2015-03-04 10:49:58.021770 7f85694fc700 0 -- 10.137.36.30:6826/29409 >> 10.137.36.32:6806/22359 pipe(0x178fd280 sd=24 :55837 s=1 pgs=26207 cs=2 l=0 c=0x179770c0).connect claims to be 10.137.36.32:6806/45099 not 10.137.36.32:6806/22359 - wrong node!
2015-03-04 10:49:58.059801 7f857483f700 -1 osd/PGLog.cc: In function 'void PGLog::merge_log(ObjectStore::Transaction&, pg_info_t&, pg_log_t&, pg_shard_t, pg_info_t&, PGLog::LogEntryHandler*, bool&, bool&)' thread 7f857483f700 time 2015-03-04 10:49:58.057956
osd/PGLog.cc: 545: FAILED assert(log.head >= olog.tail && olog.head >= log.tail)
ceph version 0.80.7 (6c0127fcb58008793d3c8b62d925bc91963672a3)
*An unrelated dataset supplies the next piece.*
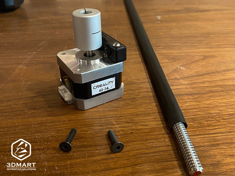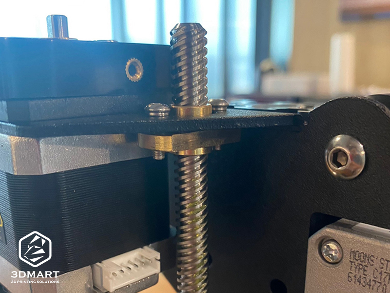 將T型螺絲桿組裝於Z軸電機(jī)零件後,使用工具將螺絲鎖緊。

1: (PGLog::merge_log(ObjectStore::Transaction&, pg_info_t&, pg_log_t&, pg_shard_t, pg_info_t&, PGLog::LogEntryHandler*, bool&, bool&)+0x1bd2) [0x6f1a12]
2: (PG::merge_log(ObjectStore::Transaction&, pg_info_t&, pg_log_t&, pg_shard_t)+0xac) [0x72f69c]
3: (PG::RecoveryState::Stray::react(PG::MLogRec const&)+0x3a0) [0x76aab0]
4: (boost::statechart::simple_state<PG::RecoveryState::Stray, PG::RecoveryState::Started, boost::mpl::list<mpl_::na, mpl_::na, mpl_::na, mpl_::na, mpl_::na, mpl_::na, mpl_::na, mpl_::na, mpl_::na, mpl_::na, mpl_::na, mpl_::na, mpl_::na, mpl_::na, mpl_::na, mpl_::na, mpl_::na, mpl_::na, mpl_::na, mpl_::na>, (boost::statechart::history_mode)0>::react_impl(boost::statechart::event_base const&, void const*)+0x214) [0x7a4704]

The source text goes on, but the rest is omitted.